The Mitzpeh Online Edition





New SGA president, officials keep the faith


By Matthew Fleishman
Mitzpeh Staff Writer


The recent Student Government Association elections have resulted in four of the top seven SGA positions being filled by Jewish students, including three of the six vice-presidential positions and the Action Party’s Aaron Kraus as the new SGA president.

Andrew Rose, Noah Elkrief and Joshua Berman were the Jewish students elected to the vice-presidential offices. Rose, Elkrief and Berman are the Vice President of Administrative Affairs, Vice President of Student Group Affairs and Vice President of Campus Affairs, respectively.

With more than half of the top seven spots in the SGA going to Jewish students, it is very likely that issues important to the Jewish community will be addressed.

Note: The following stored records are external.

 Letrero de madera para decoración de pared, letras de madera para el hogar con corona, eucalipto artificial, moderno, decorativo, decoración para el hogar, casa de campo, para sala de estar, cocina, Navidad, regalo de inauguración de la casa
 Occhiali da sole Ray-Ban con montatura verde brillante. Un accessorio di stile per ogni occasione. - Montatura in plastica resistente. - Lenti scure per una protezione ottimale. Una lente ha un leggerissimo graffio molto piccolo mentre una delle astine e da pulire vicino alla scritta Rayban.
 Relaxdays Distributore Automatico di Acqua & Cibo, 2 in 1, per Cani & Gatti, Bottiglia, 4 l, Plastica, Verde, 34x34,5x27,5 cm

“We can’t be biased toward any organization, but I feel that cultural organizations, such as the Jewish Student Union and Black Student Union, should be addressed because they are such a positive influence on our campus,” Kraus said.

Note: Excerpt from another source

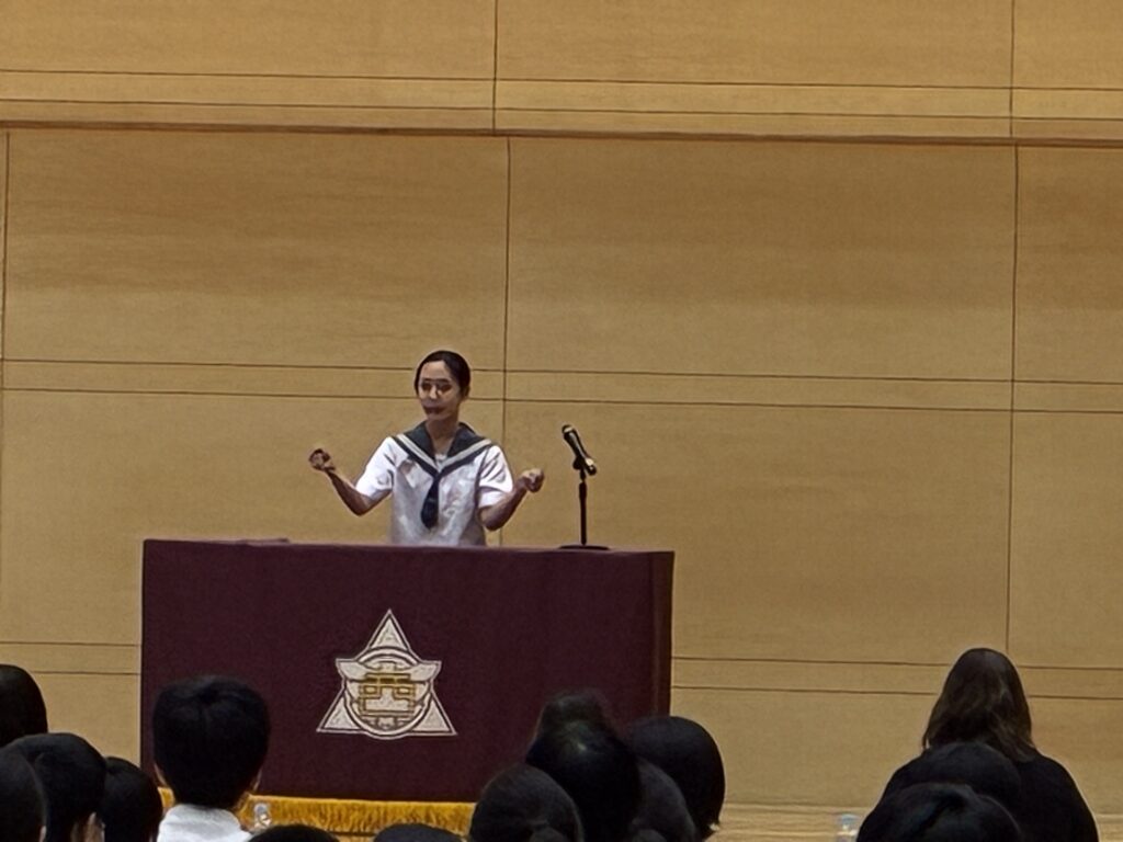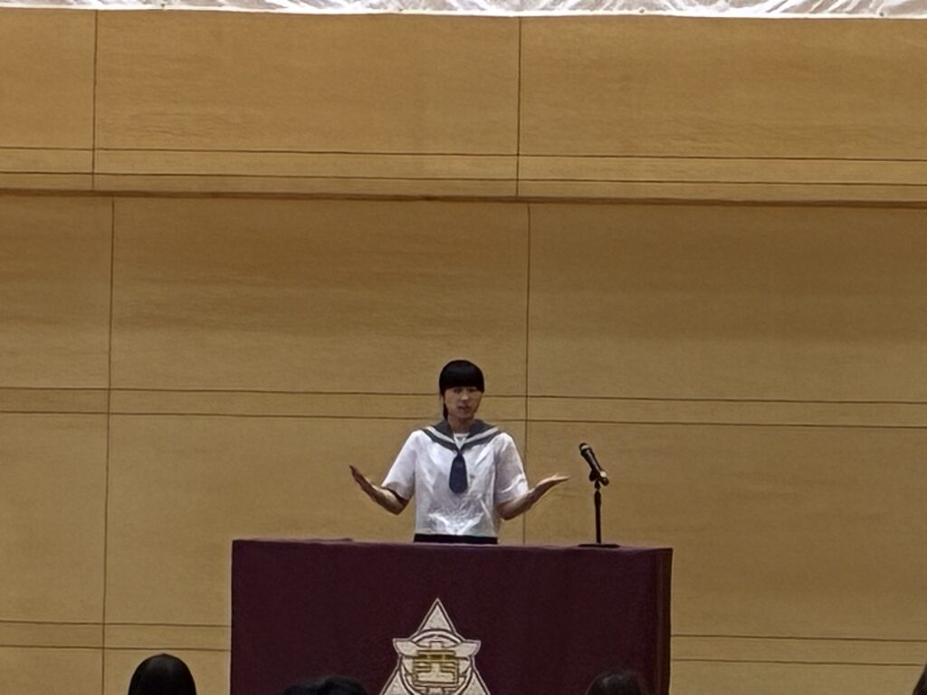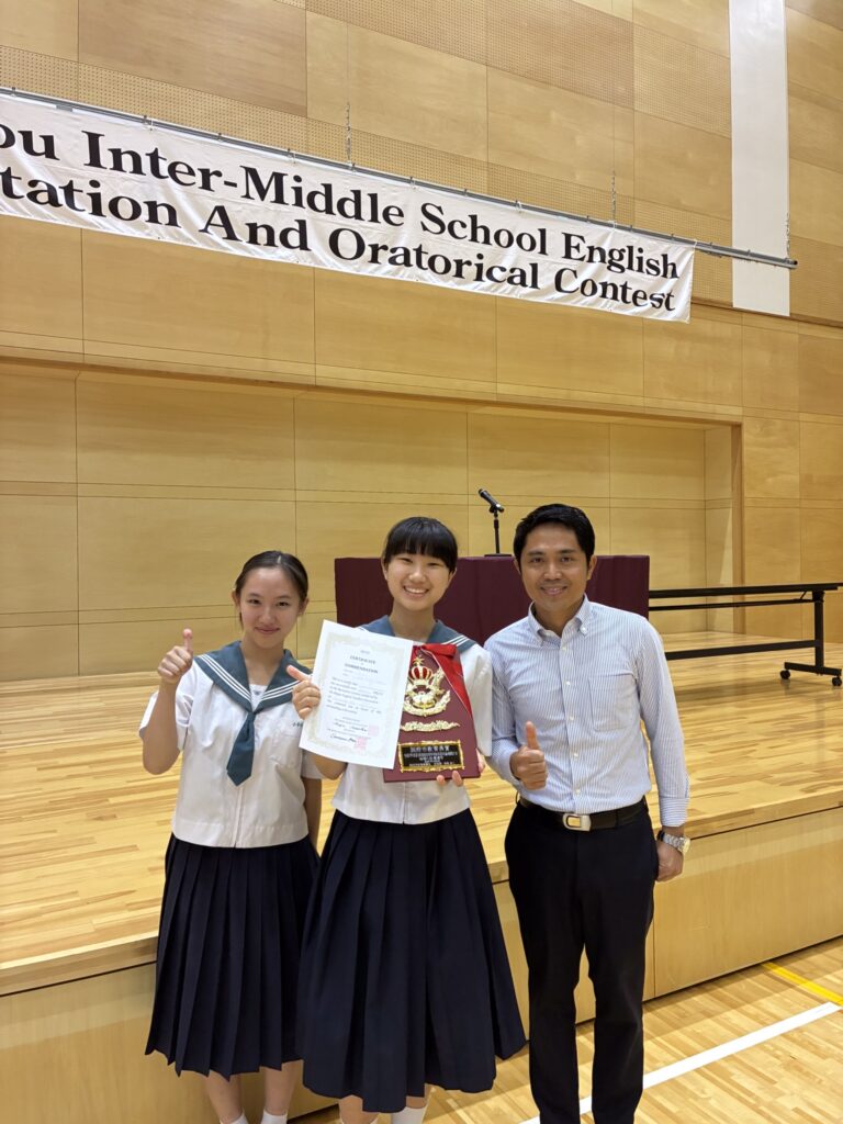 9月5日(金)別府西中学校を会場に、別府市中学校英語弁論・暗唱大会が開催されました。本校から2年生2名(李 世利さん、小手川 陽彩さん)が参加し、「暗唱の部」において、李 世利さんが見事「第1位」を獲得しました。2人は出場が決まった7月から練習を始め、放課後の時間や夏休み中にも学校で練習してきました。英単語の発音はもとよりジェスチャーや表情・表現方法などたくさんの学びを得ることができました。指導していただいた先生方、そしてALTのリック先生には感謝しかありません。今日は大勢の観客やライバルがいる中でしたが、自信に溢れた発表は本当に素敵でした。努力を重ねた成果が形となり、さらに自信を深められたと思います。これからも英語の学びを深め、言葉を通じて世界とつながる力を育んでください。大変お疲れ様でした。

Kraus has put his presidency on the line by promising to resign by Dec. 1 if his team cannot attract a big-name musical act to perform at the university, instead of going to the University of Maryland, Baltimore County or Towson University. He estimates it will cost between $80,000 and $100,000 to bring in a big name act.

“We have been working many hours on this difficult task, even before officially taking office, but we feel the typical student will respond to this as an act that SGA has personally done for them,” Kraus said.

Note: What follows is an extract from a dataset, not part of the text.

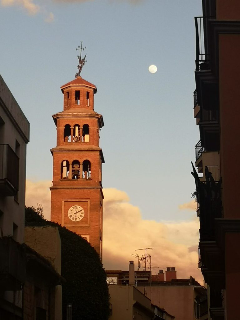 Las imágenes fueron captadas este lunes por la tarde hacia las 18:00h desde la calle Major del Centre de L’Hospitalet, por Montserrat García Balagué que nos ha cedido las fotografías, enfocando el campanario de la parroquia de Santa Eulàlia Mèrida.

Kraus said the majority of work on the concert and other tasks will be done during the summer when the top SGA officials aren’t in class.

After losing the election last year to SGA President Tim Daly by 5 percent, Kraus praised Daly for giving the SGA a voice in Annapolis and is looking forward to continuing where Daly leaves off, lobbying for students’ rights.

“Tim is possibly the most politically brilliant student this campus has ever seen,” Kraus said.

Kraus is hoping to take the idea of political action and bring it closer to home. He said students are disenfranchised in College Park because they are realistically unable to vote in the city.

“I think it is unethical to have students without cars to go somewhere off-campus to vote,” Kraus said. “I don’t even know where Davis Hall [the voting location for College Park] is exactly.”

Kraus plans to make the SGA more visible on the campus by holding meetings and events in various locations across campus with the belief that the SGA’s credibility increases when its visibility increases.

“We need to shift how the average student views SGA; our only power is our credibility, and we have to build that up by growing and mobilizing,” Kraus said.

Kraus grew up in a Jewish home and attended Huntington Jewish Center, a Conservative synagogue, in Huntington, N.Y. He went to Israel for two months in the summer of 2000 and is an avid supporter of Israel, both nationally and politically.

Kraus is the first student to be elected president without any prior SGA experience since 1985.









SGA President Aaron Kraus and three SGA VPs are Jewish.